The incremental extraction method of ETL

Source: Internet
Author: User

1. Trigger mode
The trigger mode is an incremental extraction mechanism commonly adopted. The method is based on the extraction requirements, on the source table to be extracted to insert, modify, delete 3 triggers, whenever the data in the source table changes, the corresponding trigger will change the data to a Delta log table, ETL incremental extraction is from the Delta Log table instead of directly in the source table to extract data, At the same time, the extracted data in the Delta Log table is marked or deleted in time. For simplicity, the incremental log table does not typically store all the field information for the delta data, but only the source table name, the updated keyword value, and the update operation type (Knsen, update, or delete), the ETL incremental extraction process first based on the source table name and the updated keyword value. The corresponding complete record is extracted from the source table, and the target table is processed accordingly according to the type of update operation.

For example, for a database with a source table of Oracle type, the process of incremental data capture by means of a trigger is as follows:

In this way, all DML operations on table T are recorded in the Delta Log table Dml_log, noting that the Delta Log table does not fully record the delta data itself, only the source of the incremental data is recorded. When you make an incremental ETL, you only need to reverse the source table to get real incremental data based on the record in the Delta log table.
SQL code
(1) Create an incremental log table Dml_log:
CREATE TABLE Dml_log (
ID number PRIMARY key,//self-increment primary key
TABLE NAME VARCHAR2 (200). source table Name
Record ID number,//primary key value of the source table increment record
DML TYPE ch root (1). ∥ increment type, i means NEW: U means update; d means delete
EXECUTE Date Date//occurrence time
);

(2) Create a sequence seq_dml_log for Dml_log so that the trigger writes the Delta Log table when the ID value is generated.
(3) For each table you want to listen to, create a trigger, such as creating a trigger on the table test as follows:
CREATE or REPLACE TRIGGER T before INSERT OR UPDATE
OR DELETE on T for each ROW
DECLARE 1 DML TYPE VARCHAR2 (1);
BEGIN
IF INSERTING then l_dml type:= I ';
elsif UPDATING then i_dml_type:=. TY;
elsif DELETING then l_dml_type:= D ';
ENDIF;

IF DELETING Then
INSERT into Dml_log (id,table_name,record-
Id,execute_date,dmljype)
VALUES (Seq_dml_log. Nextval, ' TEST,: old. Id,sysdate,
L_dml_type);
ELSE
INSERT into Dml_log (id,table_name,record_
Id,execute_date,dmljype)
VALUES (Seq_dml_log. Nextval,. TEST,: NEW. Id,sysdate,l
Tirol_type);
ENDIF;
END;

2. Time Stamp mode

When the timestamp method refers to incremental extraction, the extraction process determines which data to extract by comparing the system time with the value of the timestamp field of the source table. This approach requires adding a timestamp field to the source table and modifying the value of the timestamp field while updating the table data in the system. Some databases (such as SQL SERVER) have timestamps that support automatic updates, that is, when data changes in other fields of the table, the value of the timestamp field is automatically updated to the moment the record changes. In this case, the ETL implementation only need to add a timestamp field to the source table. For databases that do not support automatic timestamp updates, this requires the business system to manually update the timestamp field programmatically when updating business data. The use of timestamps can normally capture the insert and update operations of the source table, but there is nothing to do with the deletion, which needs to be done in conjunction with other mechanisms.

Update Timestamp:

3, the whole table Delete Insert method

Full table Delete Insert means delete the target table data before each extraction, and load the data completely. This approach actually equates an incremental extraction with a full-volume extraction.
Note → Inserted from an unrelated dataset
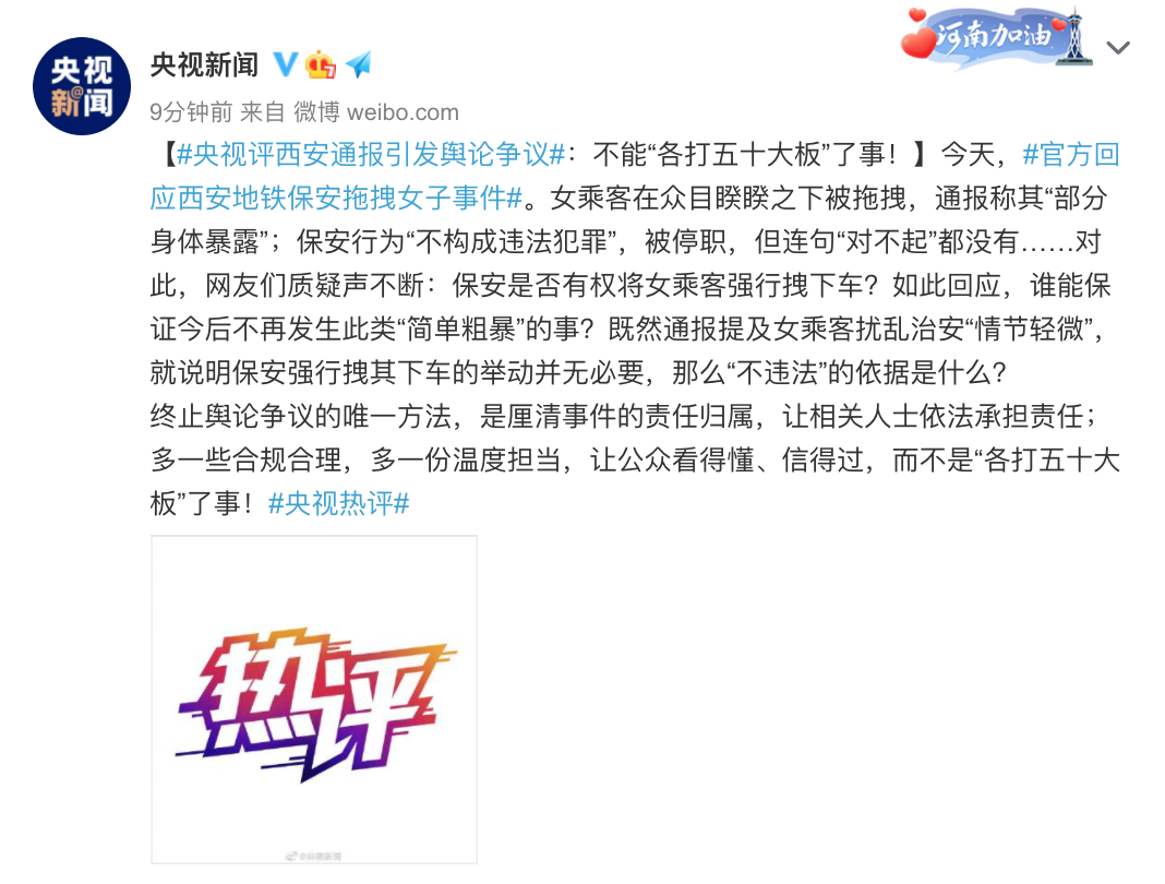 央视评西安通报引发舆论争议:不能“各打五十大板”了事!

For a small amount of data, the time cost of full-scale extraction is less than the algorithm and the conditional cost of performing the incremental extraction, which can be used.

4, the full table comparison method

In the case of an incremental extraction, the ETL process compares the records of the source table and the target table, and reads the new and modified records. After the optimization of all the alignment is the use of MD5 check code, you need to set up a similar structure of the table MD5 temporary table, the temporary table records the primary key value of the source table and the data based on all the fields of the source table (BI)
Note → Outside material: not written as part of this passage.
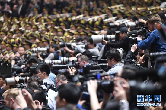 3月16日,第十二届全国人民代表大会第四次会议在北京人民大会堂举行闭幕会。这是记者在会场采访拍摄。 新华社记者 杨宗友 摄

MD5 check code, each time the data extraction, the source table and the MD5 temporary table for the MD5 checksum, if there are different, update operation: If the target table does not exist the primary key value, indicating that the record has not yet, insert operation.
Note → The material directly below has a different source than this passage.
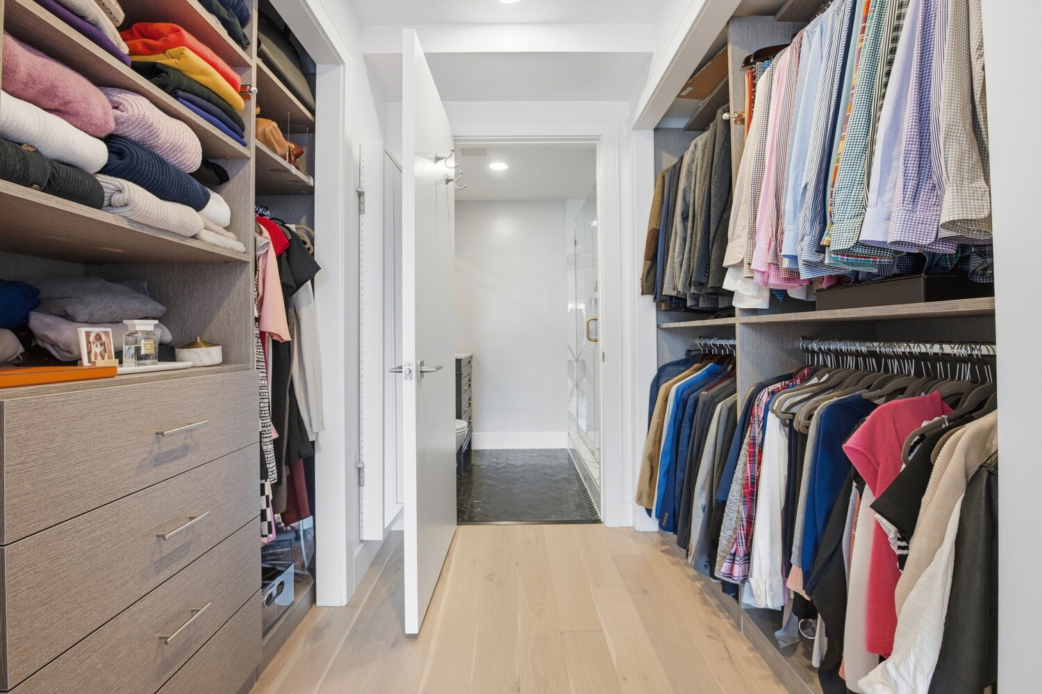 The bedroom wing includes a king-size primary suite with a custom-outfitted closet/dressing area leading to the spa-like en suite bathroom with a walk-in shower. The adjacent well-proportioned second bedroom has great light and closets. There is a second full bathroom with deep soaking tub easily accessible right across the bedroom wing hallway. Other features include wide plank oak floors, central air/heat, exceptional storage, and pre-wired ceiling speakers. There is also a dedicated laundry closet with an oversized vented washer/dryer.

Then, you need to perform a delete operation on the primary key value that is not already present in the source table and the target table remains.

5. Log table mode

For the production database that establishes the business system, the business Log table can be created in the database, and the Maintenance log table content is updated by the corresponding Business System program module when the business data that needs to be monitored changes. Incremental extraction,

Determines what data is loaded and how it is loaded by reading the log table data. The maintenance of the log table needs to be done by the business System program in code.

6. System Log Analysis method

This method can judge the changing data by analyzing the log of the database itself. Relational plow the database system will store all DML operations in the log file for the database backup and restore functions. ETL Halo extraction process through the analysis of the database log, extract the relevant source table after a certain time after the DML operation information, you can know the time since the last time the table data changes, so as to guide the incremental extraction action. Some database systems provide a dedicated package of access logs (such as Oracle's Logminder), which greatly simplifies the parsing of database logs.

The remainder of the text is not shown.